Bab 1: Rencana Tersembunyi
Di tepian dermaga yang mengarah ke selatan, sebuah perahu beratap kain tengah terombang-ambing mengikuti arus sungai. Di haluan perahu, seorang pelayan muda tampak bermuram durja sambil mengawasi tungku obat, sementara dari dalam kabin sesekali terdengar suara isak tangis. Anda bertanya mengapa? Rupanya, putri sulung Yang Wanzhao, yang tinggal di perahu itu, sedang jatuh sakit.

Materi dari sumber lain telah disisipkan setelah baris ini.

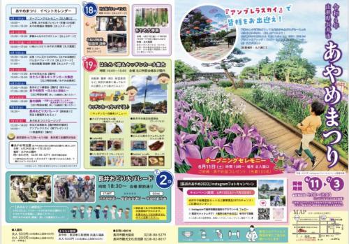 令和3年度「あやめまつり」のチラシが完成致しましたのでお知らせいたします。 あやめまつり期間:6月11日(土)〜7月3日(日) バージョンアップ!「アンブレラスカイ」で皆さまをお出迎え♪梅雨のこの時期はどうしても気分がふさがりがち…そんな気分を晴れやかに、顔を上げてみよう!!空が鮮やかに彩られる「映えスポット」2022年は傘のデザインをアレンジ!「ステンドグラス柄」や「レインボー柄」などが登場!【設置場所:北入園口】 6月11日(土)・オープニングセレモニー 10時〜【北入園口】 ご祈祷・あやめ苗プレゼント(先着100名)・あやめ歌謡会 歌謡祭 13時30分〜15時30分 【水上ステージ】 6月12日(日)・夢蔵みんなのカラオケショー 13時30分〜15時30分 【水上ステージ】 6月17日(金)〜6月19日(日)・あやめ大華展 10時〜17時(入館は16時30分まで) 【丸大扇屋】 長井の市の花である「あやめ」を使い、長井華道四流派の先生方が、 丸大扇屋の雰囲気に合わせた華をいけます。 6月18日(土)・出張!けん玉ひろばSPIKe 10時30分〜16時 【あやめ会館前】・けん玉パフォーマンス 10時30分〜 【水上ステージ】・小桜幼稚園 鼓笛隊 演奏 11時〜 【水上ステージ】 6月19日(日)・あやめ写生大会 9時〜11時 【園内】・はたらく車&キッチンカー大集合 10時〜15時 【北口特設会場/あやめ会館前】 6月25日(土)・長井おどり練習会(雨天中止) 17時〜19時 【園内】・あやめ夜市〜花と光と音楽と〜 17時30分〜20時30分 ◆じゃんけん大会 豪華景品ゲットのチャンス! 18時30分〜 ◆mojoジャズライブ 19時〜 ◆キッズエンジョイ企画 (ふうせんたけさん/射的ゲーム(1回(3発)100円) ◆アンブレラスカイライトアップ ー 長井おどり練習会 ー17時〜19時予定(園内) ※雨天中止7月2日(土)に開催の「長井おどり大パレード」に向け、あやめ公園にて練習会を行います。とび入り参加OK!団体・個人問わず、どなたでもお気軽にご参加ください! 6月26日(日)・食の祭典〜応援したいお店にエールを!長井おまつりグルメ大賞〜 10時〜15時あなたのイチオシに投票!「応援したいお店グルメ大賞」を決定します。《お楽しみ特典♪》ご来場いただいた方へコイン1枚プレゼント!(小学生以上)コイン1枚で買い物券が当たるガラポン抽選にご参加できます! ・長井の伝統神事 黒獅子舞(總宮獅子舞保存会)〈1回目〉11時〜 〈2回目〉13時〜 園内 7月2日(土)・長井おどり大パレード 18時30分〜 【駅前通り】 売店&観覧席もあるよ♪ 7月3日(日) あやめクロージング・あやめ写生大会表彰式 13時30分〜14時 【園内無料休憩所】・アンブレラスカイ《傘プレゼント》※数量限定 14時〜 【園内】 「長井のあやめ2022」Instagramフォトキャンペーン!Instagramで投稿された応募写真の中から、選ばれた方には豪華賞品をプレゼント!米沢牛や地場産品セットなど豪華景品ゲットのチャンス。応募は簡単、どなたでもお気軽にご応募ください! 応募期間:6月11日(土)〜7月3日(日)応募条件などの詳細はこちらからご確認ください!●Instagramで長井市観光協会のアカウント @kankounagai をフォローし●指定#(ハッシュタグ)「#長井のあやめ2022」を付けて投稿しよう! ○● 新型コロナウイルス感染予防対策について ●○・ご来園の際はマスクの着用の上、手指消毒、検温のご協力をお願いします。 発熱や体調不良が認められる方の来園はご遠慮ください。・ソーシャルディスタンスを保ってご観覧ください。・出店については主にお土産品販売、飲食についてはテイクアウト方式のみとし、飲食のためのテーブル等は設置しておりませんので予めご了承ください。 ・入園料等は変更ございません。 (大人500円(20名様以上の団体400円)/小人200円(小・中学生)(20名様以上の団体100円)・入園料有料期間中に福祉施設等のカリキュラムの一環であやめ公園を入園される場合、 あやめ公園入園料の減免を行っています。→ 減免についてはこちら その際は障害者手帳かミライロ(アプリ画面)の提示をお願いします。(対象の方は入園料が半額になります) あやめチラシ2022表 あやめチラシ裏

Penyakit ini bukannya tanpa sebab. Saat ini adalah musim gugur ketika angin dingin mulai mewarnai pepohonan. Konon pada tengah malam sebelumnya, Yang Wanzhao terbangun karena mimpi buruk, lalu duduk di depan jendela memandangi bulan hingga separuh malam, hingga akhirnya masuk angin. Demamnya tak kunjung reda, dan meski perjalanan menuju dermaga terus dipercepat, semuanya terlambat. Ketika tabib akhirnya tiba, kondisinya sudah sangat kritis. Sang tabib hanya meresepkan obat sekadarnya, lalu setelah menyuruh pengasuh dan pelayan kecilnya pergi, ia pun segera berlalu. Dari ucapannya, tersirat niat agar mereka segera menyiapkan upacara pemakaman.
Yang Wanzhao biasanya bersikap angkuh, dan saat ia menikmati bulan pun tak ada yang berani menegurnya. Kini, mereka saling menyalahkan satu sama lain. Namun, mereka tidak berani berbicara keras agar tidak mengganggu istirahatnya, karena bagaimanapun, ia belum meninggal. Jika ia benar-benar tiada dalam perjalanan menuju Jinling ini, mereka pun tak akan punya harapan untuk hidup. Demikianlah yang dipikirkan oleh Pengasuh Liu dan pelayan senior Yang Mei. Segala kesalahan, besar maupun kecil, dianggap sebagai dosa mereka sebagai pelayan.
Setelah menangis cukup lama, Yang Mei akhirnya mendongak. Setelah melirik Yang Wanzhao yang masih tak sadarkan diri, ia bertanya kepada Pengasuh Liu dengan nada penuh tekad, "Pengasuh Liu, apakah surat untuk keluarga di Jinling sudah dikirim?"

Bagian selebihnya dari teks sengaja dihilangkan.